Upon the mid-lands now the industrious muse doth fall;
That shire which we the heart of England well may call,

As she herself extends (the midst which is decreed),
Betwixt St. Michael's Mount and Berwick bordering Tweed,
Brave Warwick, that abroad so long advanced her Bear,
By her illustrious Earls renowned every where;
Above her neighbouring shires which always bore her head.
My native country, then, which so brave spirits hast bred,
If there be virtues yet remaining in thy earth,
Or any good of thine thou bred'st into my birth,
Accept it as thine own, whilst now I sing of thee,
Of all thy later brood the unworthiest though I be.

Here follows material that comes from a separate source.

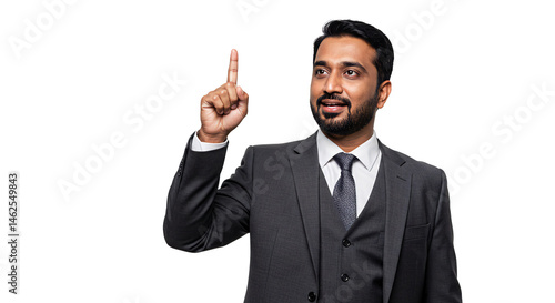 Businessman pointing up concept idea solution strategy success professional leadership isolated suit on transparent background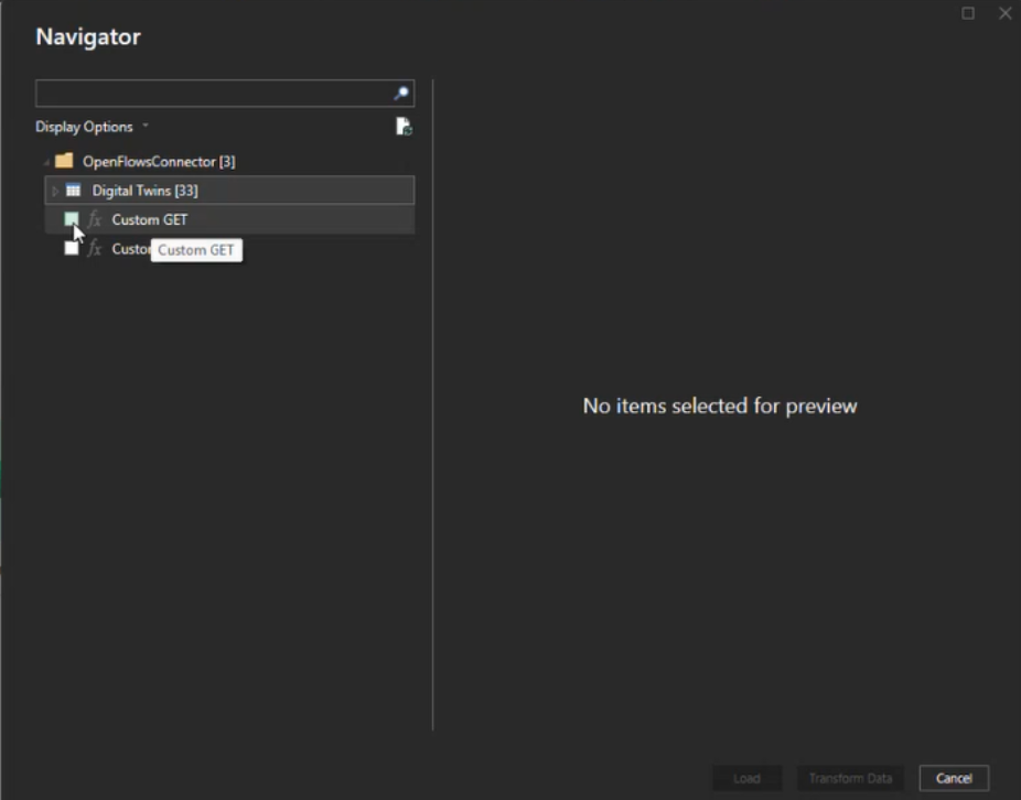 After clicking Connect on the Get Data dialog, a Navigator dialog is loaded.

When Phoebus lifts his head out of the water's1 wave,
No sooner doth the earth her flowery bosom brave,
At such time as the year brings on the pleasant spring
But Hunt's up to the morn the feathered sylvans sing;
And, in the lower grove as on the rising knowl,
Upon the highest spray of every mounting pole
These quiristers are perched, with many a speckled breast:
Then from her burnished gate the goodly glittering East
Gilds every mountain-top, which late the humorous night
Bespangled had with pearl, to please the morning's sight ;
On which the mirthful quires, with their clear open threats,
Unto the joyful morn so strain their warbling notes
That hills and valleys ring, and even the echoing air
Seems all composed of sounds about them every where.
The throstle with shrill sharps, as purposely he song
To awake the lustless sun, or chiding that so long
He was in coming forth that should the thickets thrill;
The woosel near at hand; that hath a golden bill,
As nature him had marked of purpose t' let us see
That from all other birds his tunes should different be:
For with their vocal sounds they sing to pleasant May;
Upon his dulcet pipe the merle doth only play.
When in the lower brake the nightingale hard by
In such lamenting strains the joyful hours doth ply
As though the other birds she to her tunes would draw
And, but that Nature, by her all-constraining law,
Each bird to her own kind this season doth invite,
They else, alone to hear that charmer of the night

(The more to use their ears) their voices sure would spare, That moduleth her notes so admirably rare

As man to set in parts at first had learned of her.

To Philomel the next the linnet we prefer ;

And by that warbling the bird woodlark place we then,
The red-sparrow, the nope, the redbreast, and the wren;
The yellow-pate, which, though she hurt the blooming tree,
Yet scarce hath any bird a finer pipe than she.

1 Or, perhaps, "watery." The common text gives "winter s."